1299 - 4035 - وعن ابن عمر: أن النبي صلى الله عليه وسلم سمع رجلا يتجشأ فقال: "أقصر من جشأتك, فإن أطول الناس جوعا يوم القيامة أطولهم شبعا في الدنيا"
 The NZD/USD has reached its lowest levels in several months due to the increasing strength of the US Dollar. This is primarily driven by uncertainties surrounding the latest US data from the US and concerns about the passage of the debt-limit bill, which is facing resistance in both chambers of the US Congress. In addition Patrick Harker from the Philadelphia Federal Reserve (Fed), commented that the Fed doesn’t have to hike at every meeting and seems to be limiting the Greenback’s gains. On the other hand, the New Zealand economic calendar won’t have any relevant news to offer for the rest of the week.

* * *

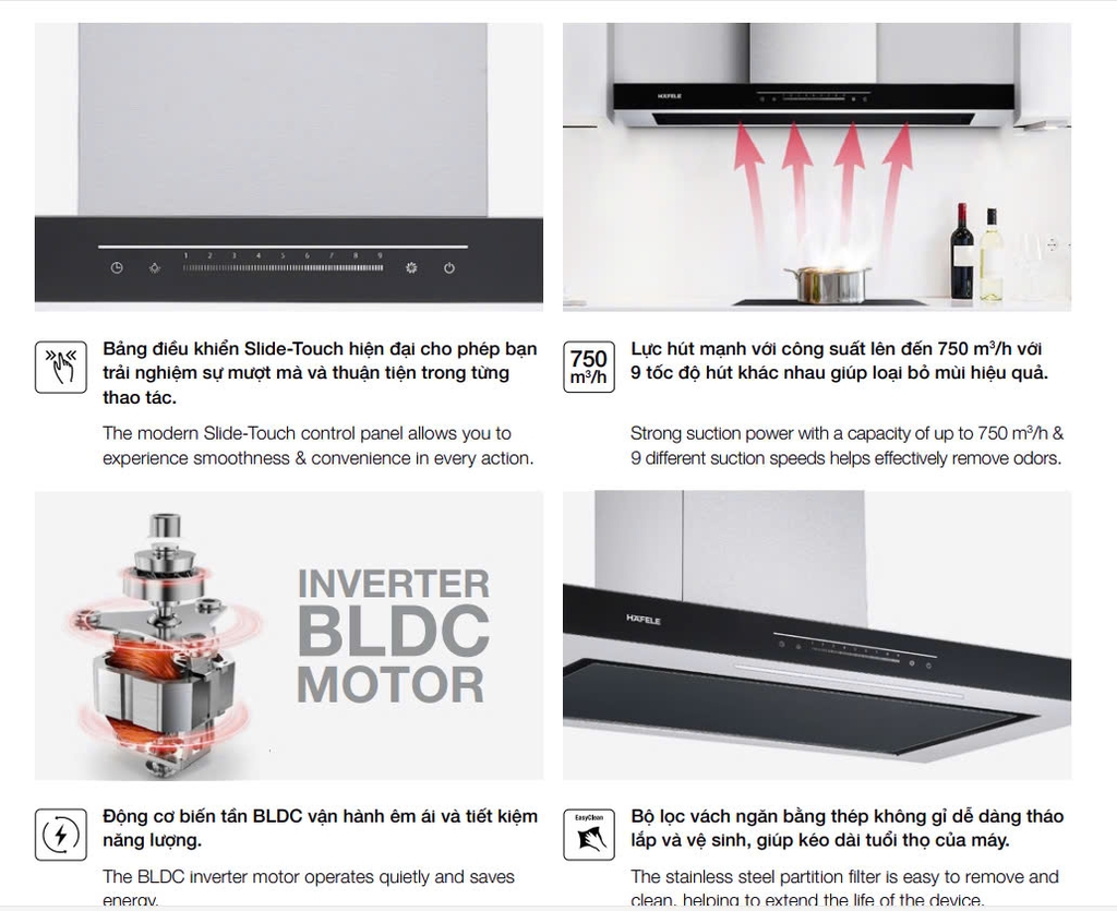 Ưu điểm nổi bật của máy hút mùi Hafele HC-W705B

==

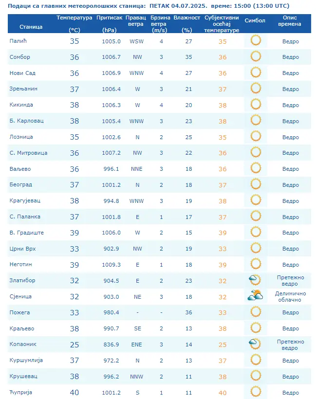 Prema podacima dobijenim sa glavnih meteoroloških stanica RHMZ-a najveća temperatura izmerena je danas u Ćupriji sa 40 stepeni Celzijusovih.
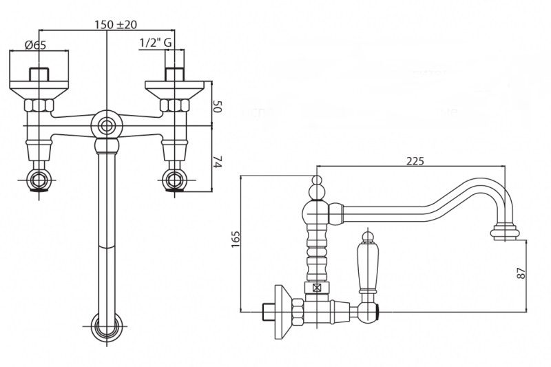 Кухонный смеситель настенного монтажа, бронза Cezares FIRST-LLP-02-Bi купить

Task instructions:
Exercise for the records above: copy only the lines from the one with "Prema podacima dobijenim" to the one with "Кухонный смеситель настенного", both ends kept, and drop the pictures.

Solution for this problem:
 Prema podacima dobijenim sa glavnih meteoroloških stanica RHMZ-a najveća temperatura izmerena je danas u Ćupriji sa 40 stepeni Celzijusovih.
 Кухонный смеситель настенного монтажа, бронза Cezares FIRST-LLP-02-Bi купить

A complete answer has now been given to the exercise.